The main cluster is composed of two separated sub-clusters: the "codfw.wmnet" and "eqiad.wmnet" ones (creatively name after the datacenters they're located in) that are not connected via RAFT consensus, but via replication, so that there is always a master cluster and a slave one.

Consistency

For reads that don't require sub-second consistency cluster-wide, reading from the slave cluster is acceptable. If replication breaks, this will page opsens that will be able to correct the issue quickly enough (worst case scenario, by pointing clients to the master dc), All writes should go to the master datacenter; we ensure that the slave cluster is in read-only mode for remote clients to avoid issues.

Replication

Replication works using etcdmirror - a pretty raw software we wrote internally that allows replicating from one cluster to another mangling key prefixes. This is supposed to offer the functionality that etcdctl mirror-maker provides on etcd 3 to etcd 2 clusters.

Etcdmirror runs from one machine on the slave cluster; it reads the etcd index to replicate from in /__replication/$destination_prefix , and issues a recursive watch request to the source cluster starting at the recorded index, and then recursively replicating every write that happens under $source_prefix in the source cluster.
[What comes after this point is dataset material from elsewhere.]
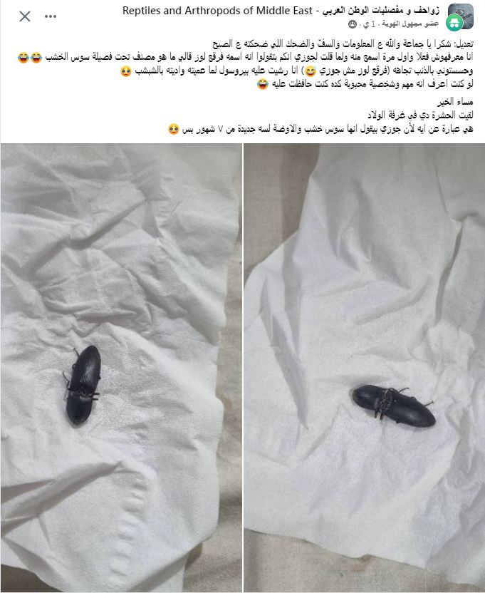 وقالت السيدة في المنشور: "مساء الخير لقيت الحشرة دي في غرفة الأولاد، هي عبارة عن أي لأن جوزي بيقول إنها سوسة الخشب، والأوضة لسة جديدة من 7 شهور".

Since we're (at the moment) only interested in the /conftool directory, that's what we're replicating between the two clusters. Logs from the application are usually pretty telling about what is going wrong.

The replica daemon is very strict and will fail as soon as any inconsistency is found (even just in the original value of a key) or if the lag is large enough that we're losing etcd events. In such a case, you will need to do a full reload; to do that you need to launch etcdmirror adding the --reload switch. Beware: doing so will ERASE ALL DATA on the destination cluster, so do that with extreme caution.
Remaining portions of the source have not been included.